Add to your system design knowledge toolkit! These are concepts, which every engineer must know, if they want to scale from zero to millions of users or ace their interviews!

and

Feb 25, 2025

Hello guys, if you are preparing for system design interview or just want to level up your Software Skills then you have come to the right place.

Earlier I have talked about common system design concepts like Rate Limiter, Database Scaling, API Gateway vs Load Balancer and Horizontal vs Vertical Scaling, Forward proxy vs reverse proxy as well common System Design problems and concepts like Single Point Failure, and in this article we will talk about how to design systems which can withstand million users.

For this article, I have teamed up with

Konstantin Borimechkov

and we'll dive into the fundamental concepts of designing and scaling system to million users.

By the way, if you are preparing for System design interviews and want to learn System Design in a limited time then you can also checkout sites like Codemia.io, ByteByteGo, Design Guru, Exponent, Educative and Udemy which have many great System design courses

Similar, while answering System design questions you can also follow a System design template like this from DesignGurus.io to articulate your answer better in a limited time.

Now, over to

Konstantin Borimechkov

to take you through to the article.

Inspired by ByteByteGo founder Alex Xu‘s Book on System Design Interview, I decided to write this blog as a summary of my understanding from the first chapter of Vol.1!

Take this blog-post as notes I took from the book.. but very valuable ones. 📚

That said, you can use this as a summary or quick reference to some core principles we should go by when designing an application.

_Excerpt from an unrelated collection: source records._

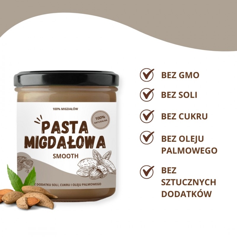 Wysokiej jakości pasta migdałowa wytwarzana w tradycyjny sposób mielenia prażonych migdałów, aż do uzyskania konsystencji masła. Pasta ma kremową konsystencje o naturalnym delikatnym smaku migdałów. Doskonale nadaje się do smarowania kanapek, tostów, jako dodatek do ciast, różnych deserów czy przekąsek.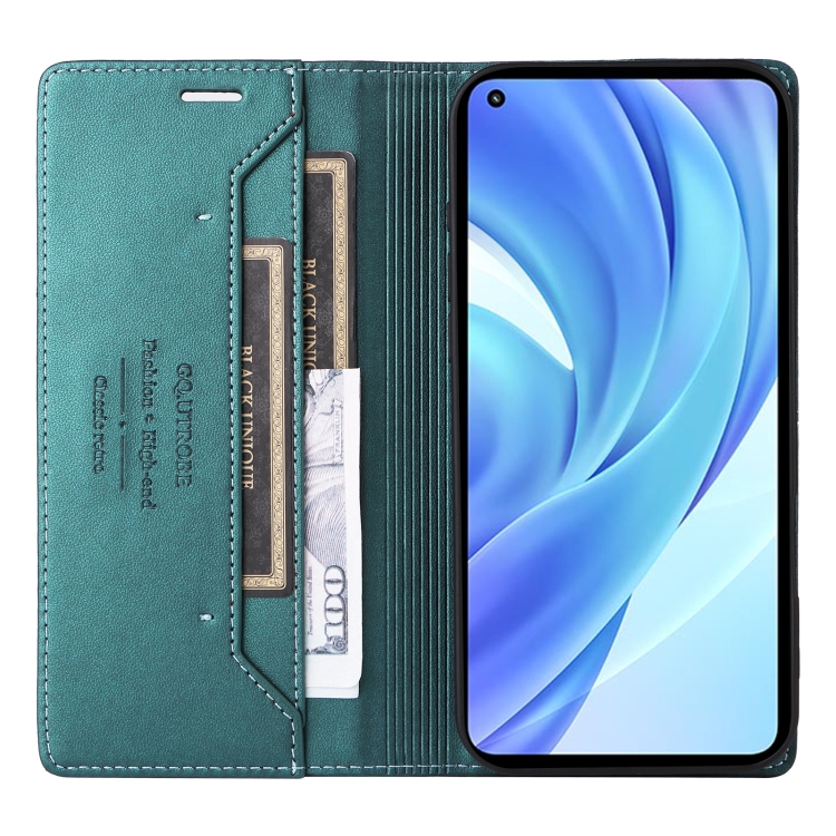 Funda de Cuero Antirrobo Rfid Gqutrobe G01 para Xiaomi Mi 11 Lite (Verde)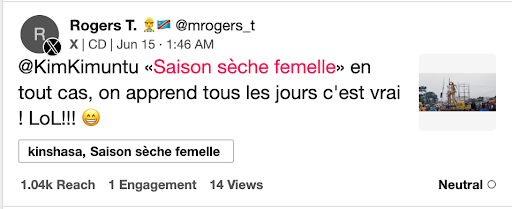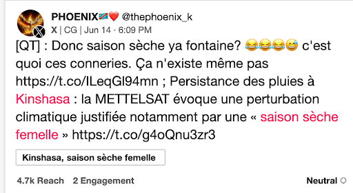 L’analyse temporelle met en évidence un pic d’activité le 14 juin 2025, soit 24 heures après la publication d’un communiqué de la METTELSAT (Agence nationale de météorologie et de télédétection par satellite de la RDC). Ce communiqué faisait état d’une perturbation climatique liée à des anomalies saisonnières, écrites par l’expression singulière de “ saison sèche femelle”, une formulation non conventionnelle dans le lexique météorologique.
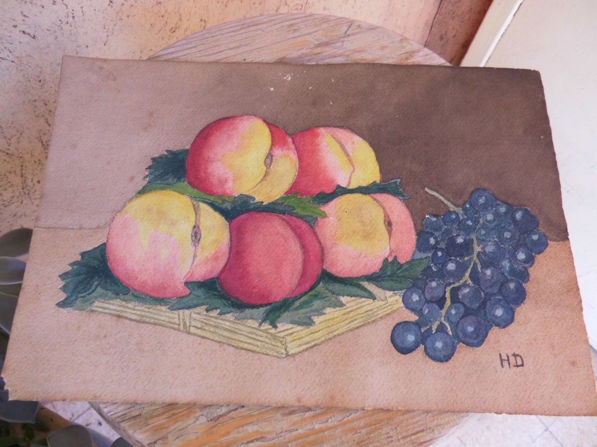 Peinture fais main de coupe de fruits datant dans les années 1930. Coté gauche abimé.

Or when preparing for system design interviews - up to you 🙌

⚠️ Disclaimer: There are many things that go into developing and scaling a system, which won’t be mentioned in this blog-post as I don’t want it to get lengthy.
That said, I will try to be precise and informative here. Expect deeper dives in future blog-posts & subscribe if you wanna get more of these! 🙏

Our Basic App

So, here is the situation, we have zero to no experience with architectures and programming. But we heard a few things from here and there:

we need a server to host my code, which serves content to the user
we need an infrastructure to host this server in - on-prem or in the cloud
we also want to have some neat domain name like google.com, so we need to buy that from some DNS provider

After creating the app and having some traffic we start to experience some issues.. 😬

Lets say we have a LinkedIn-Like app and we get a surge of users, which start posting and reading posts.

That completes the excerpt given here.